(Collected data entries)

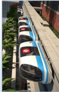
Conceptual rendering of new autonomous vehicles
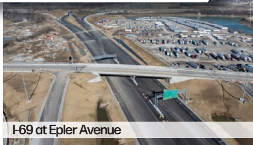
I-69 at Epler Avenue
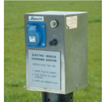
Green power electric vehicle recharging station.
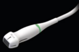
3 - 7 MHz Pediatric Phased Array
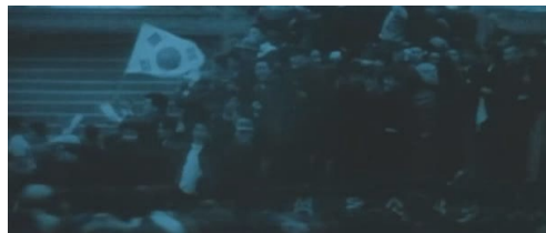
Newsreel on the April Revolution in South Korea. Cruel Story of Youth (Seishun zankoku monogatari, Nagisa Ōshima, 1960)

These demands of further realism coincided with a moment of great political tension as a result of the renewal of the US-Japan Security Treaty (ANPO), signed in 1952. It needed to be ratified in 1960 and this prompted massive protests and unrest over the decade. The new generation of filmmakers was heavily conditioned by this political instability. Films journalistically documented current affairs, such as the student demonstration appearing in Yoshida's Good for Nothing (Roku de nashi, 1960) and Oshima's Cruel story of Youth (Seishun zankoku monogatari, 1960) – the latter of which included newsreel images of the April Revolution in South Korea, and also a sequence in which the protagonists witness a student demonstration in Tokyo. Twelve days after the release of Cruel Story of Youth , the great demonstration of 15 th June took place, and Oshima based his following film, Night and Fog in Japan (Nihon no yoru to kiri, 1960), on this event.

**EXERCISE DESCRIPTION**
Write out exactly the lines that run from the one containing "Green power electric" to the last line of the entries above, both ends kept, pictures left out.

**EXERCISE OUTPUT**
Green power electric vehicle recharging station.
3 - 7 MHz Pediatric Phased Array
Newsreel on the April Revolution in South Korea. Cruel Story of Youth (Seishun zankoku monogatari, Nagisa Ōshima, 1960)

These demands of further realism coincided with a moment of great political tension as a result of the renewal of the US-Japan Security Treaty (ANPO), signed in 1952. It needed to be ratified in 1960 and this prompted massive protests and unrest over the decade. The new generation of filmmakers was heavily conditioned by this political instability. Films journalistically documented current affairs, such as the student demonstration appearing in Yoshida's Good for Nothing (Roku de nashi, 1960) and Oshima's Cruel story of Youth (Seishun zankoku monogatari, 1960) – the latter of which included newsreel images of the April Revolution in South Korea, and also a sequence in which the protagonists witness a student demonstration in Tokyo. Twelve days after the release of Cruel Story of Youth , the great demonstration of 15 th June took place, and Oshima based his following film, Night and Fog in Japan (Nihon no yoru to kiri, 1960), on this event.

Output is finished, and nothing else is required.